What to work on:
Output only the lines below that start at the line containing "作為電動(dòng)汽車的供" and end at the line containing "此次山之屿推出的 A/B区叠院新品,为建面约172㎡—180㎡的B户型 。", with both ends kept.

Data for review:
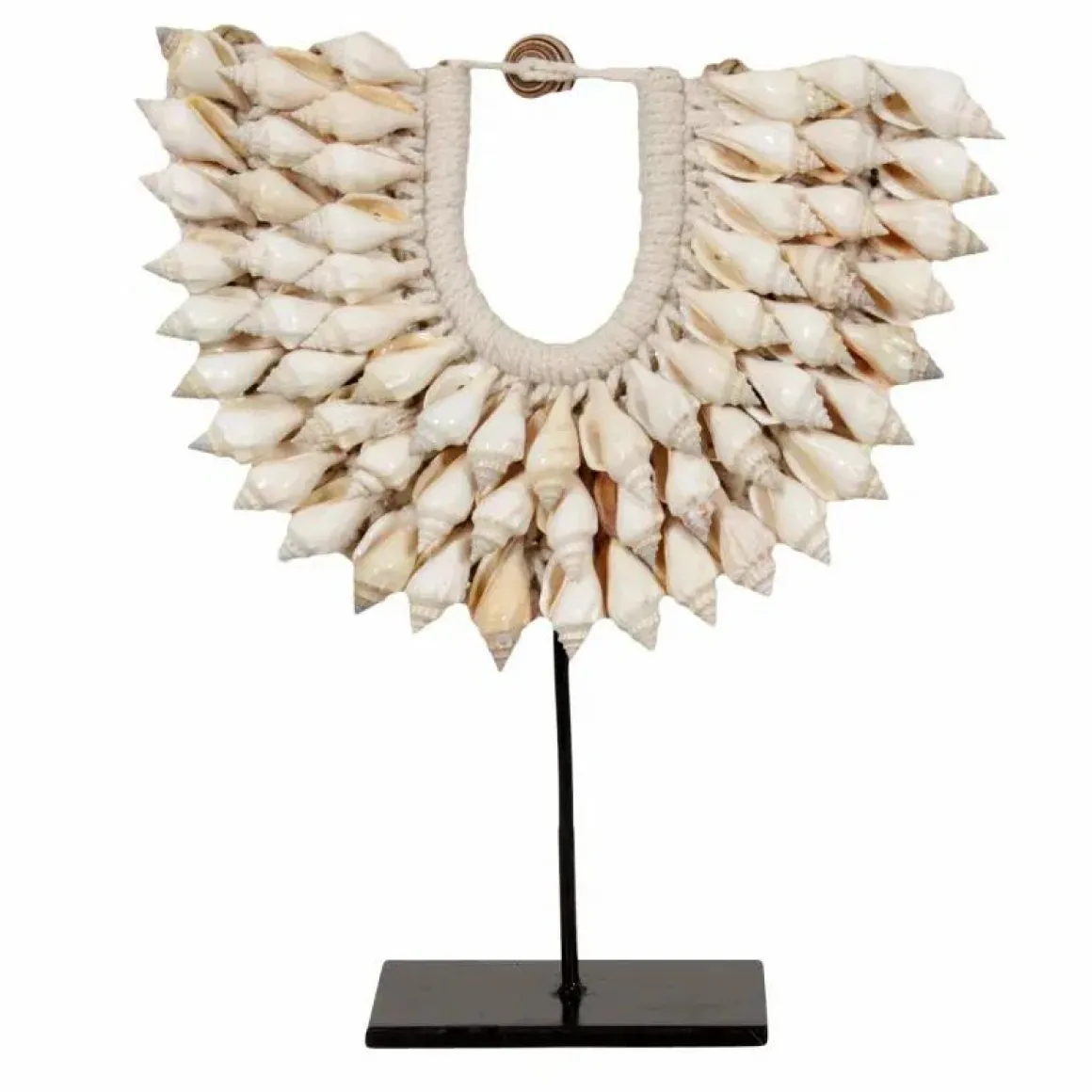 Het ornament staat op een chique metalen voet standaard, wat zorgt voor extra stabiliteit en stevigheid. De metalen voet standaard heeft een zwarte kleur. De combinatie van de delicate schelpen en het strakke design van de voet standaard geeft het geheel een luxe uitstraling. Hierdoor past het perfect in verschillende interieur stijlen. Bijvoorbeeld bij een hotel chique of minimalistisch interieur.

==

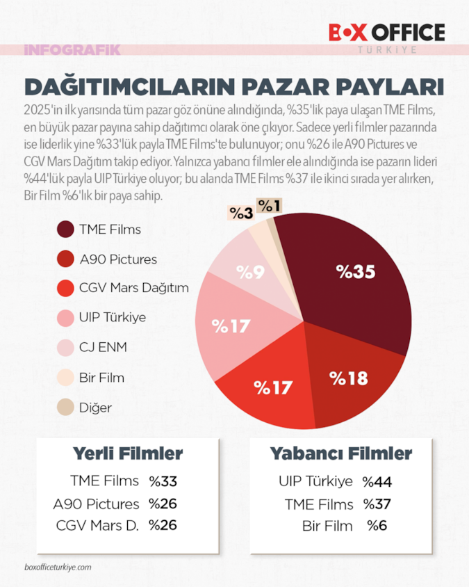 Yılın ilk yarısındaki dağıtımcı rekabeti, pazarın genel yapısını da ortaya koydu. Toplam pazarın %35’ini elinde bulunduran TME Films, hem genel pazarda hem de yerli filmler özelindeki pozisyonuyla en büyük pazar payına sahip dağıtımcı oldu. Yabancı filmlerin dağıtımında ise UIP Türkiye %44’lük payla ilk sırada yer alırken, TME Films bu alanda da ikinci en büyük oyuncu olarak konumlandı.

---

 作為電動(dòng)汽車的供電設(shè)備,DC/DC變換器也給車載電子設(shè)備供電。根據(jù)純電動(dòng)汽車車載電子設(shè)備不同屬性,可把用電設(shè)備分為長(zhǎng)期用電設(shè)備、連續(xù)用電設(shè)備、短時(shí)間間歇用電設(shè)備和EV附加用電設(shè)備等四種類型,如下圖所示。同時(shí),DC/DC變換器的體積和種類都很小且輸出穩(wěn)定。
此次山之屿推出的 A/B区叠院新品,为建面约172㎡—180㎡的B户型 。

Solution to this task:
 作為電動(dòng)汽車的供電設(shè)備,DC/DC變換器也給車載電子設(shè)備供電。根據(jù)純電動(dòng)汽車車載電子設(shè)備不同屬性,可把用電設(shè)備分為長(zhǎng)期用電設(shè)備、連續(xù)用電設(shè)備、短時(shí)間間歇用電設(shè)備和EV附加用電設(shè)備等四種類型,如下圖所示。同時(shí),DC/DC變換器的體積和種類都很小且輸出穩(wěn)定。
此次山之屿推出的 A/B区叠院新品,为建面约172㎡—180㎡的B户型 。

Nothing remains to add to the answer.